Born Hal Michael Ketchum, April 9, 1953, in Greenwich, NY; son of a newspaper linotype operator; married second wife, Terrell Tye, September 16, 1991; children: (first marriage) one daughter, one son. Addresses: Record company--Curb Records, 47 Music Sq. E., Nashville, TN 37203.
Singer-songwriter Hal Ketchum, the 71st member of the Grand Ole Opry, combines rock, folk, and country strains in songs that explore everything from the darker side of relationships to the frustrations of the working class. Ketchum, who was a carpenter for more than a decade before he started playing and singing professionally, began his country music career in his mid-30s.
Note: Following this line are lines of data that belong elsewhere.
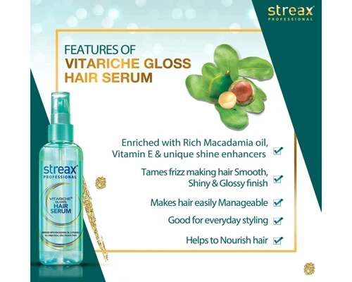 سيمنحكِ سيروم الشعر اللامع "ستريكس بروفيشنال فيتاريش" إطلالةً رائعةً كصالونات التجميل. مزيجه الفريد من المكونات، بما في ذلك زيت المكاديميا وفيتامين هـ، يُغذي خصلات شعركِ وينعمها ويُحسّن مظهرها، مما يجعلها خاليةً من التجعد، بينما تمنحكِ مُعززات اللمعان شعرًا لامعًا وناعمًا. يمنحكِ
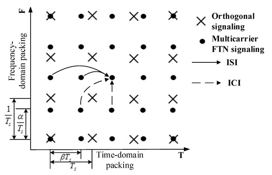 where is the continuous-time unit energy pulse with the Nyquist symbol interval , M, and D are, respectively, the numbers of occupied subcarriers and the symbols transmitted on each subcarrier. and denote the frequency packing factor (FPF) and the time packing factor (TPF), respectively. We set as the joint time-frequency packing factor. For and , an orthogonal system is obtained, while for or , frequency-domain or time-domain packing occurs between the subcarriers or symbols. Figure 2 illustrates the time-frequency grid comparison between the multicarrier FTN system and the orthogonal systems, from which the relationship between the desired signal and introduced ISI/ICI can be recognized clearly. As a result, the improvement of spectral efficiency is obvious.
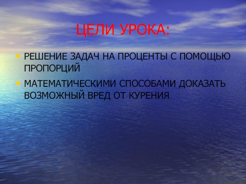 ЦЕЛИ УРОКА:РЕШЕНИЕ ЗАДАЧ НА ПРОЦЕНТЫ С ПОМОЩЬЮ ПРОПОРЦИЙМАТЕМАТИЧЕСКИМИ СПОСОБАМИ ДОКАЗАТЬ ВОЗМОЖНЫЙ ВРЕД ОТ КУРЕНИЯ
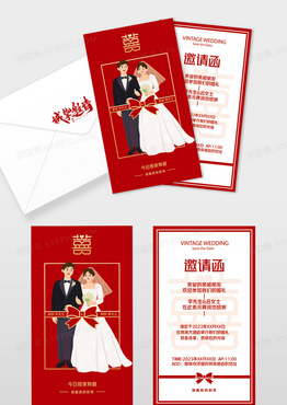 红色中式国潮插画婚礼婚庆邀请函结婚请帖婚礼请柬
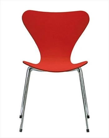 왼쪽부터 아르네 야콥센의 시리즈 세븐, 에어로 사리넨의 튤립 체어, 찰스 임스의 DSR 체어이다.
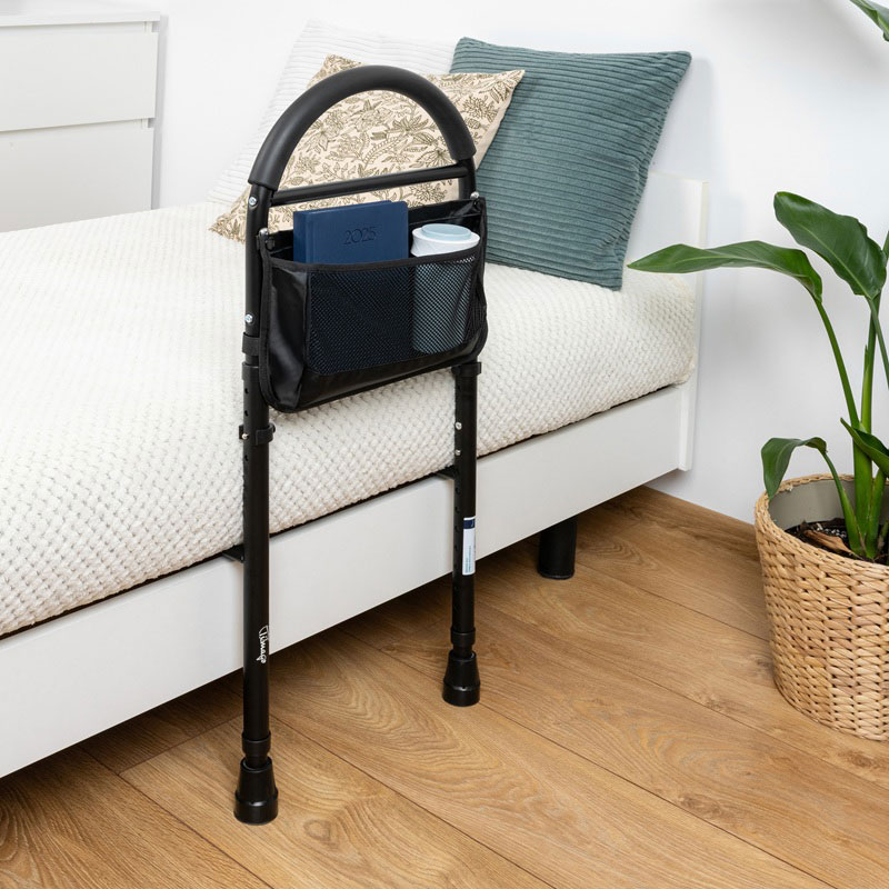 This stable bed rail is suitable for both home use and healthcare settings. The robust construction and height-adjustable legs ensure that the rail fits most standard beds and user needs. The Timago Bed Support Grip Tim makes daily routines safer and more comfortable for users with mobility challenges.
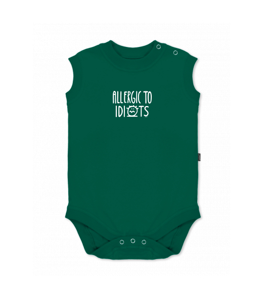 Baby body sleeveless with design for kid with design 1354 ALLERGIC TO IDIOTS in color UNIVERSITY GREEN
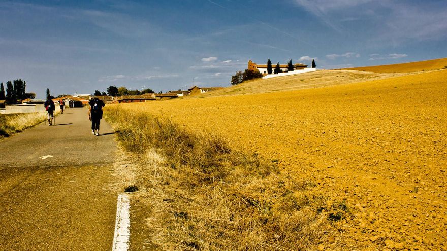 Por eso merece la pena avanzar 26,7 kilómetros desde Carrión de los Condes hasta Terradillos de los Templarios, ya casi en la línea que marca la separación entre Palencia y León. Jornada de campos llanos desprovistos de sombra y con escasas posibilidades de cargar agua. Por eso hay que salir de Carrión de los Condes bien provistos, ya que más de la mitad del camino (16,7 kilómetros) transcurren por el trazado de la antigua Calzada Romana, lejos de cualquier pueblo. Viajar Ahora recomienda salir muy temprano para evitar los rigores de las primeras horas de la tarde.
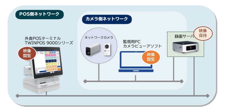 ネットワークカメラでPOSレジ操作を映像記録する「ジャーナル連携カメラシステム」。不正行為を抑制し、POSレジ周りのセキュリティ強化に効果絶大。記録した接客映像などを従業員教育へ活用すれば、人材育成にも役立ちます。
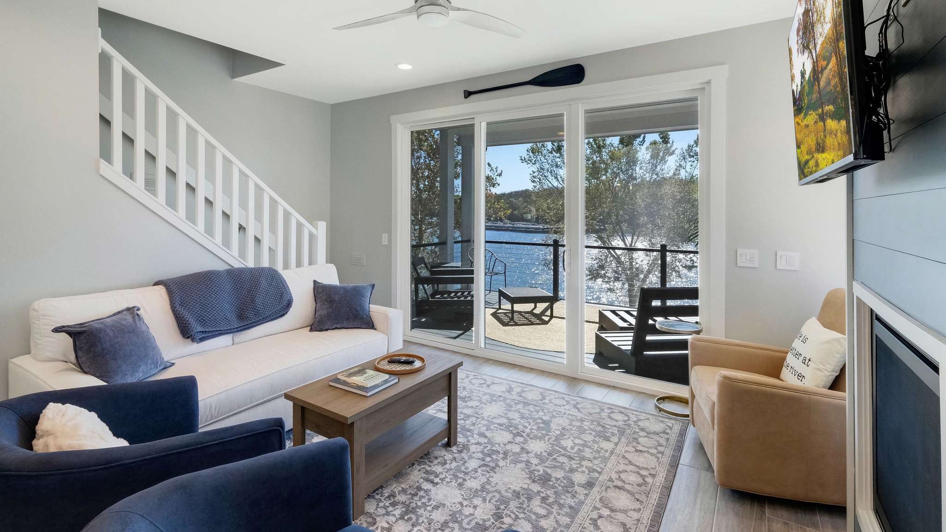 This 1,458 sq. ft. villa features 3 bedrooms, 3 full bathrooms, and comfortably sleeps up to 6 guests. Every space inside The Watermere has been thoughtfully designed for those who appreciate craftsmanship, comfort, and calm. With a screened-in porch overlooking the Illinois River, elegant gathering areas, and high-end finishes throughout, this villa defines refined waterfront living.
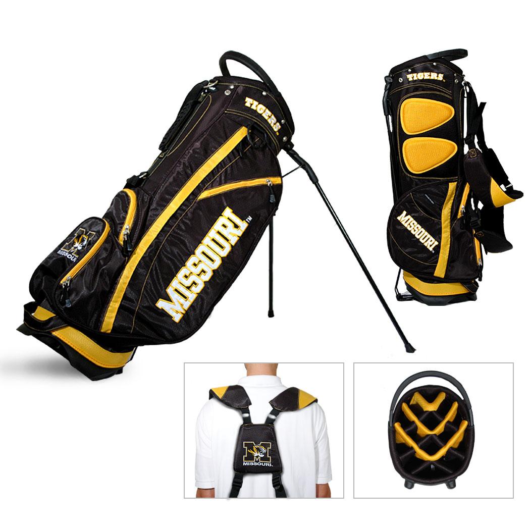 The Missouri Tigers Logo Golf Stand Bag is a lightweight golf stand bag, which includes 5 Missouri Tigers embroideries, 7-way full-length dividers, 6 zippered pockets, padded dual strap for easy carry, removable rain hood, umbrella holder, towel ring, velcro glove holder and easy-to-use stand system.
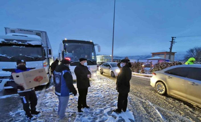Muğla-Denizli karayolu döner kavşakta yoğun kar yağışı nedeniyle yolların kapanmasıyla mahsur kalan sürücülere ve yolculara Muğla simidi dağıtan Başkan Gümüş; “Olumsuz hava koşulları nedeniyle bazı yollar trafiğe kapatıldı, bunun dışında trafikte çok sayıda araç mahsur kaldı. Sabahın ilk saatlerinde Denizli- Muğla karayolu döner kavşakta mahsur kalan sürücülere ve yolculara Muğla Simidi dağıttık. Vatandaşlarımızdan bu süreçte dikkatli olmalarını, hava şartlarının kötüleşmesi durumda gerekli olmadıkça dışarı çıkmamalarını, trafiğe çıkacak vatandaşlarımızın zincir ve çekme halatı gibi gerekli ekipmanları takmalarını tavsiye ediyoruz. Hava şartları nedeniyle olumsuzluk yaşayan vatandaşlarımız belediyemizin çağrı merkezini arayabilir, 0 (552) 214 48 80 numaralı WhatsApp ihbar hattına mesaj atabilirler. Ekiplerimiz karla mücadele çalışmalarına gün içinde aralıksız devam edecekler" dedi.

Since then the silver-haired musician has found stardom in Nashville and enthusiastic audiences elsewhere through his songs of heartache, desperation, and fragile love.
Country Music magazine contributor Bob Allen wrote: "In their best moments ... [Ketchum's] performances hook you and hold you and simply won't let you go. Palpable intimations of fear, helplessness, desire, compulsion and confusion all swirl just beneath the music's seemingly placid surface.... Ketchum's singing ... sounds ... hushed and effortlessly compelling." Los Angeles Times reviewer Mike Boehm praised the artist for his "simple, plain-spoken songwriting approach that tries to take a closer, more personal look at emotional situations than you'll find in most of the cliched, surface-oriented stuff churned out by Nashville song mills."
Ketchum was born and raised in Greenwich, New York, a small town nestled in the Adirondack Mountains near the Vermont border. His world was as insular as that of the frustrated teens he sings about in his hit song "Small Town Saturday Night." He told the Chicago Tribune: "Where I grew up, because the towns are separated by 8 or 10 miles of mountainous terrain, I never knew anybody in the next town until I was 18 or 19 years old. Except playing against them on a football team." Ketchum went on to describe himself as a "game" teen who was "always looking for some way to tear it up a little bit."
The Ketchum household was a musical one. The singer's father liked country and bluegrass music; his mother preferred popular singers such as Frank Sinatra. Ketchum told Country Music that he was particularly affected by his mother and her perceptions. "She had multiple sclerosis and went through some real hard periods," he recalled. "She had to perceive her own mortality. I spent a great deal of time with her when she was incapacitated, and she had a great deal to teach my brother and I before she went on her way. And all the things I perceive and write and sing about and the things I'm drawn to are relative to the philosophy I got from her in a very formative period of my life."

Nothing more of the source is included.